In this study, we classified DLBCL into GCB and non-GCB subtypes using three primary antibodies – CD10, BCL6, and MUM-1 – according to Hans' algorithm [7]. Many previous studies used Hans' algorithm to classify DLBCL [8],[24],[25],[26],[27],[28].

Other studies used Choi algorithm, which depends on CD10, BCL6, MUM-1, GCET1, and FOXP1 primary antibodies [29]. Although many algorithms were applied, such as modified Hans' (CD10 and MUM-1) [30], modified Choi (CD10, MUM-1, GCET1, and FOXP1) [30], Muris (CD10, MUM-1, and BCL2) [31], Nyman (MUM-1 and FOXP1) [32], Tally (CD10, MUM-1, GCET1, and FOXP1) [30], and Natkunam (LMO2) [33], Hans' algorithm is still the most valid and commonly used one [34],[35].

Half of our cases were of GCB subtype (50.8%). In previous studies, the percentage of GCB cases ranged from 45.2 to 65% [24],[25],[34],[36],[37],[38]. There is no specific reason known for this different distribution of prognostic subgroups. It may be due to different genetic makeup and specific genetic aberrations pertaining to different populations [28].

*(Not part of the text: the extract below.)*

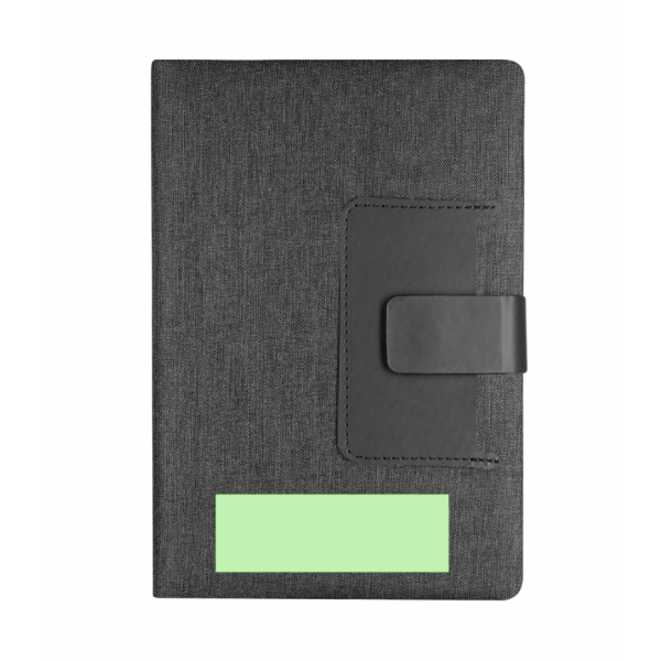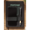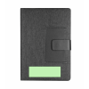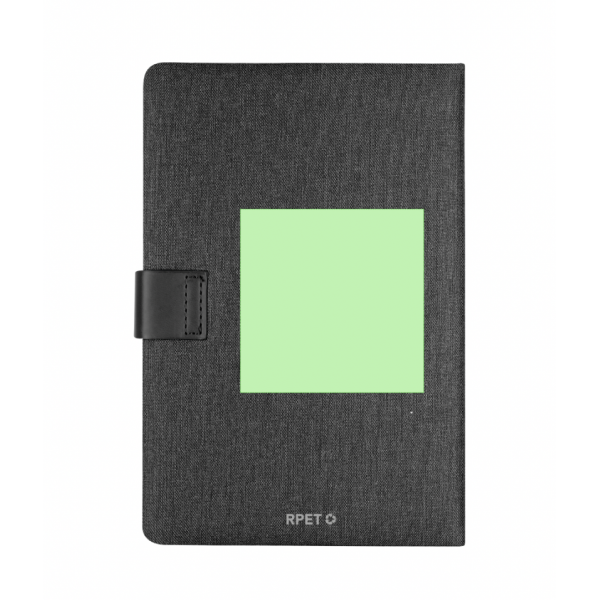 Bloc-notes à couvertures rigides en combinaison de polyester RPET 300D et PU. Inclut une poche en PU sur la couverture, idéale pour les cartes. Avec fermeture magnétique, 80 pages à lignes et marque-page assorti.

In the present study, we noticed that nongerminal cases carried bad prognostic impact. This was manifested by the association of non-GCB group with large tumor size (P = 0.03). This agreed with the results of Zizhen et al. [39], who found that the non-GCB primary gastric DLBCL was significantly associated with larger tumor size. However, van Imhoff et al. [25] stated that most GCB cases were more bulky.

Most nongerminal cases (73.7%) showed splenic involvement (P = 0.01), agreeing with Yeh et al. [40], who stated that DLBCL presenting initially in bone marrow, liver, or spleen was commonly of a nongerminal immunophenotype. Tanaka et al. [41] studied three cases of primary splenic lymphoma; two of them (66.6%) were of non-GCB subtype.

PS is a parameter included in the calculation of IPI and AAIPI [14]. Despite the absence of a significant relationship between the GCB and non-GCB subtypes regarding both IPI and AAIPI, 90% of cases with poor PS (2, 3, and 4) were of GCB group (P = 0.01). However, other studies did not show any significant differences between the two groups regarding PS [8],[24],[25].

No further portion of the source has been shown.